__Task statement__
Keeping pictures out, repeat the lines of the listing below exactly, starting at its first line and finishing with the one that holds "Ford V8 6.8".

__Task data__

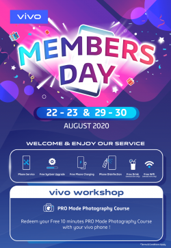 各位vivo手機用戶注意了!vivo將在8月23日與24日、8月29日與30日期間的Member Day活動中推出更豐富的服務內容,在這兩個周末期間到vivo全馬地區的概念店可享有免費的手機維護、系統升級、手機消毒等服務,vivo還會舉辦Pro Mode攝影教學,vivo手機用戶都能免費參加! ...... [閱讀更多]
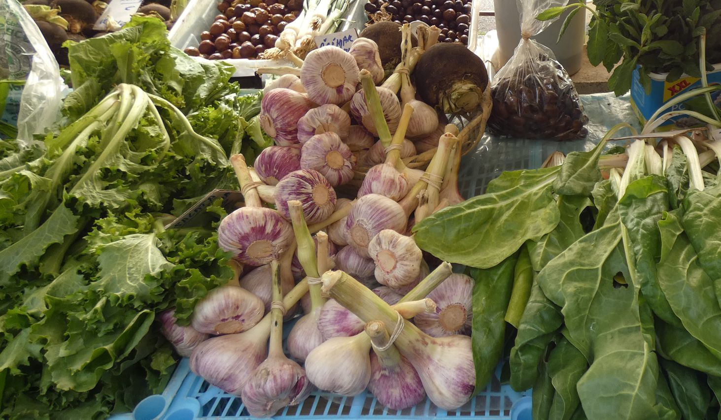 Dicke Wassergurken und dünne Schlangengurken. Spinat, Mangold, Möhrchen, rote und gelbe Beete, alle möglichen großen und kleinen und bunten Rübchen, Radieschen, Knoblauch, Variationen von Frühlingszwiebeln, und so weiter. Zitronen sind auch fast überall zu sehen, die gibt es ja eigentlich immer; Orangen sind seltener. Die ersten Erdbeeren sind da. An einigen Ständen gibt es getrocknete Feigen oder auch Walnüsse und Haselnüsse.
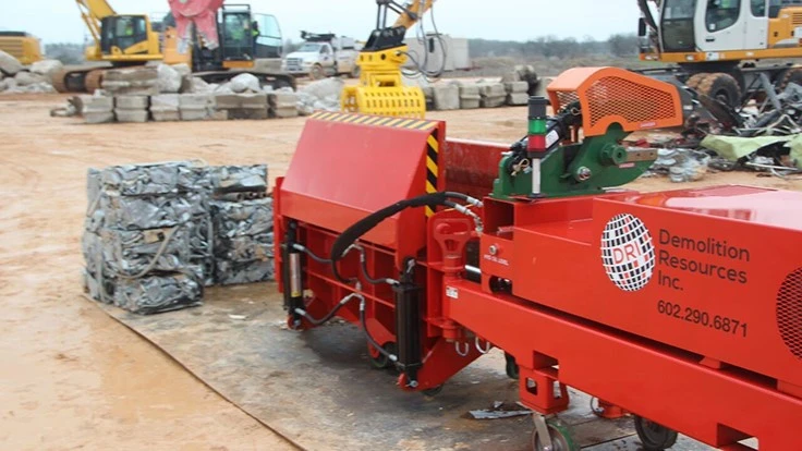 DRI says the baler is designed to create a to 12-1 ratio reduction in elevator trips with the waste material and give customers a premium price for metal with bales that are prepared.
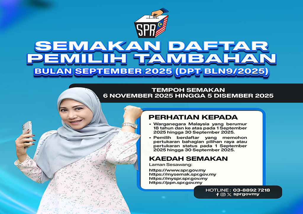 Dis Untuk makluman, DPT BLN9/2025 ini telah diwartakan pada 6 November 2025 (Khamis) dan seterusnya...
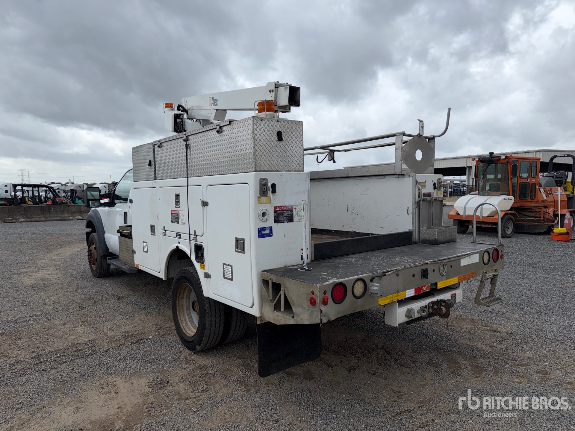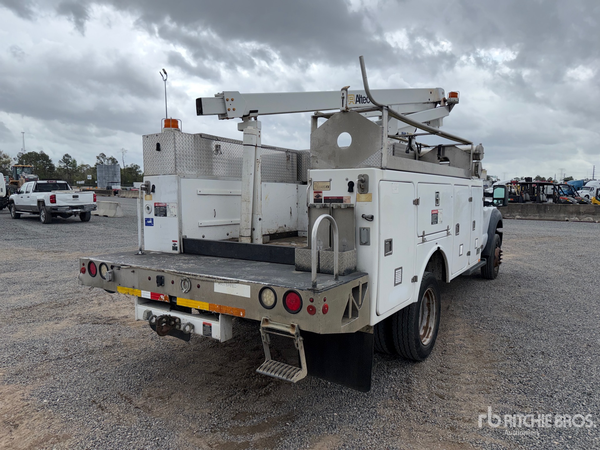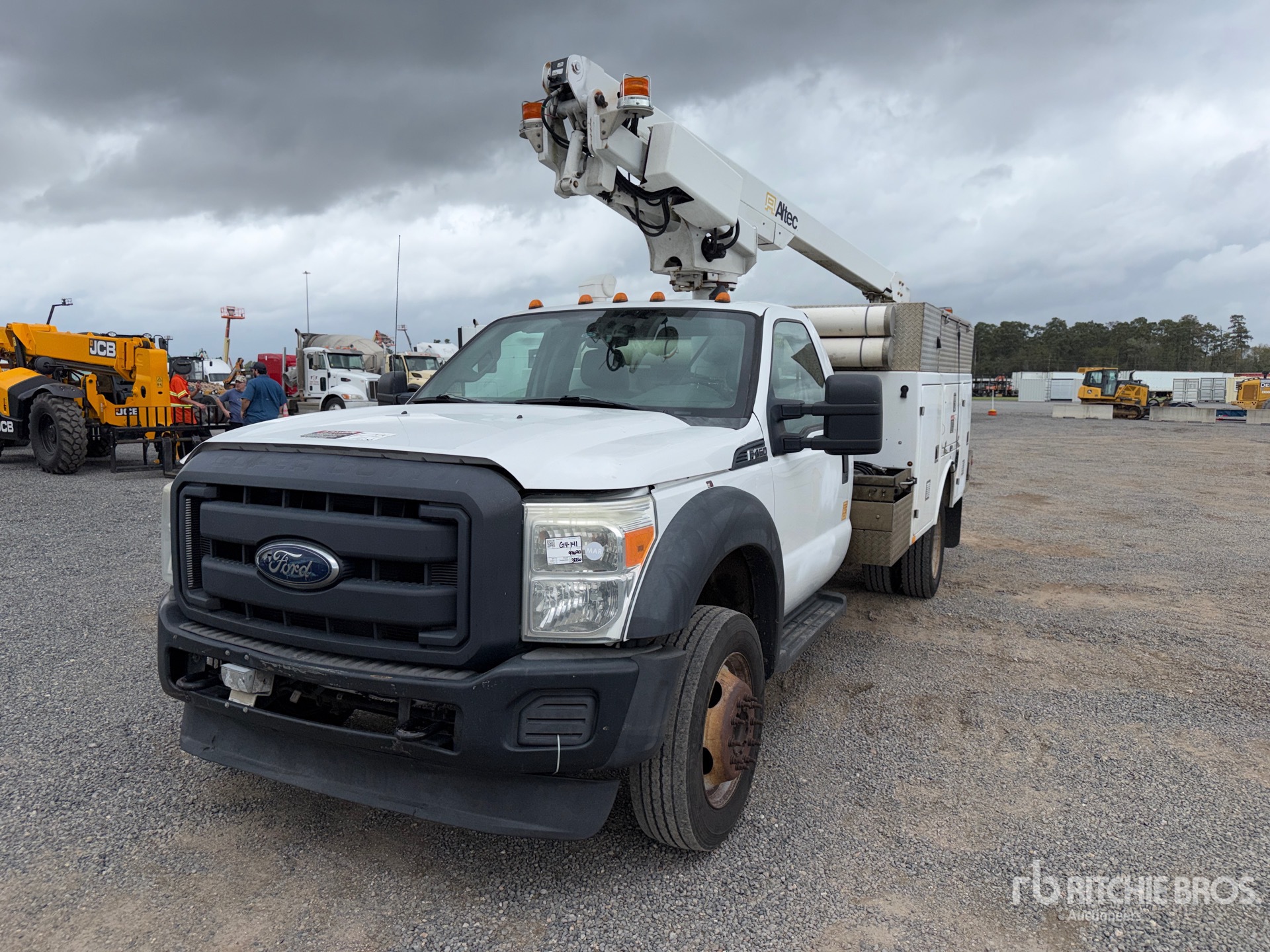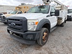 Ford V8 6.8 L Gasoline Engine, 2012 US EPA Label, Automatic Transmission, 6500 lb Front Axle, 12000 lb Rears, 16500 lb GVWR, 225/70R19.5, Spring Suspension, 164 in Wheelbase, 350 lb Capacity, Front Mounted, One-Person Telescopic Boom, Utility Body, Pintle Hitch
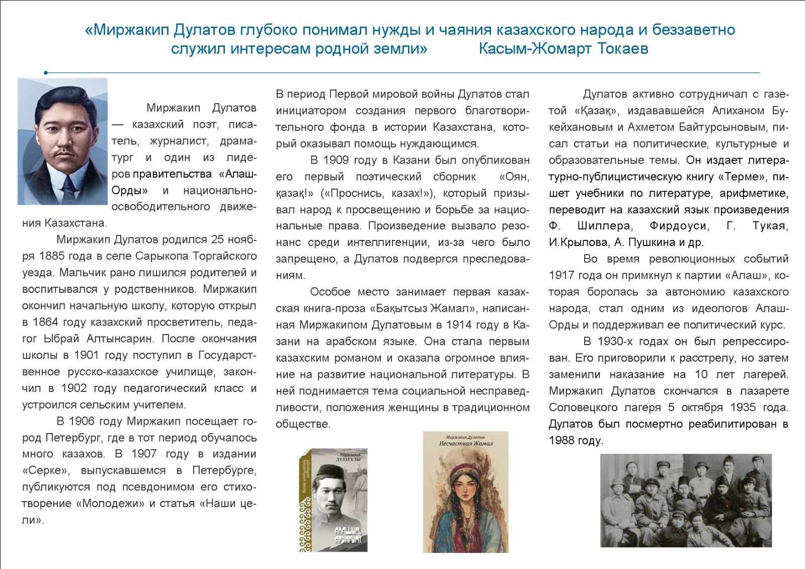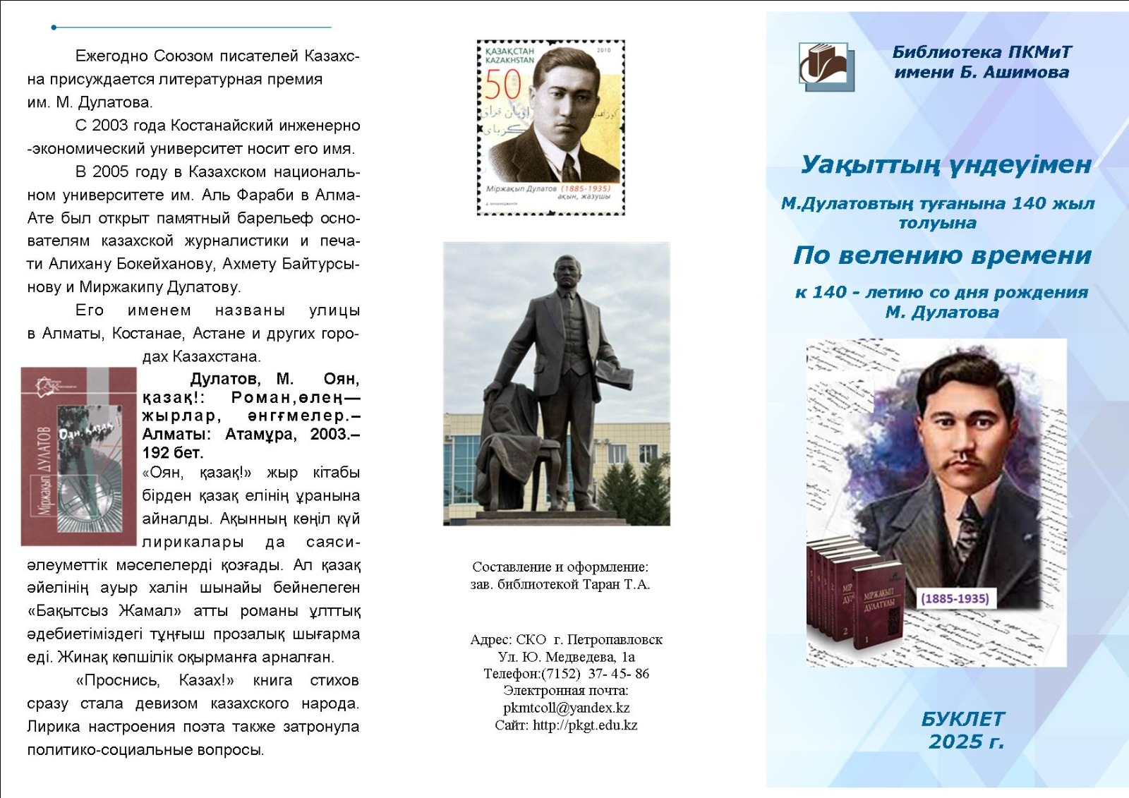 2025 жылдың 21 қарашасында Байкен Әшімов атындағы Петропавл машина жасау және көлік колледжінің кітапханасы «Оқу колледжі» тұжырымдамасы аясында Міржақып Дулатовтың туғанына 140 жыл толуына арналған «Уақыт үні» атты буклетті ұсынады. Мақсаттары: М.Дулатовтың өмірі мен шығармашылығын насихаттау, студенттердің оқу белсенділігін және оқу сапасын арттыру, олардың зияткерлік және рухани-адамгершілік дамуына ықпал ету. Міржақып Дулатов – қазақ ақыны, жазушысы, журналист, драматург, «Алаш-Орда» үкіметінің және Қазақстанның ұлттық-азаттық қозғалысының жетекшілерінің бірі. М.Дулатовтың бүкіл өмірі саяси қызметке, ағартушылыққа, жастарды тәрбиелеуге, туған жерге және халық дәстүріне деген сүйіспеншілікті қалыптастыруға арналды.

__Exercise response__
 各位vivo手機用戶注意了!vivo將在8月23日與24日、8月29日與30日期間的Member Day活動中推出更豐富的服務內容,在這兩個周末期間到vivo全馬地區的概念店可享有免費的手機維護、系統升級、手機消毒等服務,vivo還會舉辦Pro Mode攝影教學,vivo手機用戶都能免費參加! ...... [閱讀更多]
 Dicke Wassergurken und dünne Schlangengurken. Spinat, Mangold, Möhrchen, rote und gelbe Beete, alle möglichen großen und kleinen und bunten Rübchen, Radieschen, Knoblauch, Variationen von Frühlingszwiebeln, und so weiter. Zitronen sind auch fast überall zu sehen, die gibt es ja eigentlich immer; Orangen sind seltener. Die ersten Erdbeeren sind da. An einigen Ständen gibt es getrocknete Feigen oder auch Walnüsse und Haselnüsse.
 DRI says the baler is designed to create a to 12-1 ratio reduction in elevator trips with the waste material and give customers a premium price for metal with bales that are prepared.
 Dis Untuk makluman, DPT BLN9/2025 ini telah diwartakan pada 6 November 2025 (Khamis) dan seterusnya...
 Ford V8 6.8 L Gasoline Engine, 2012 US EPA Label, Automatic Transmission, 6500 lb Front Axle, 12000 lb Rears, 16500 lb GVWR, 225/70R19.5, Spring Suspension, 164 in Wheelbase, 350 lb Capacity, Front Mounted, One-Person Telescopic Boom, Utility Body, Pintle Hitch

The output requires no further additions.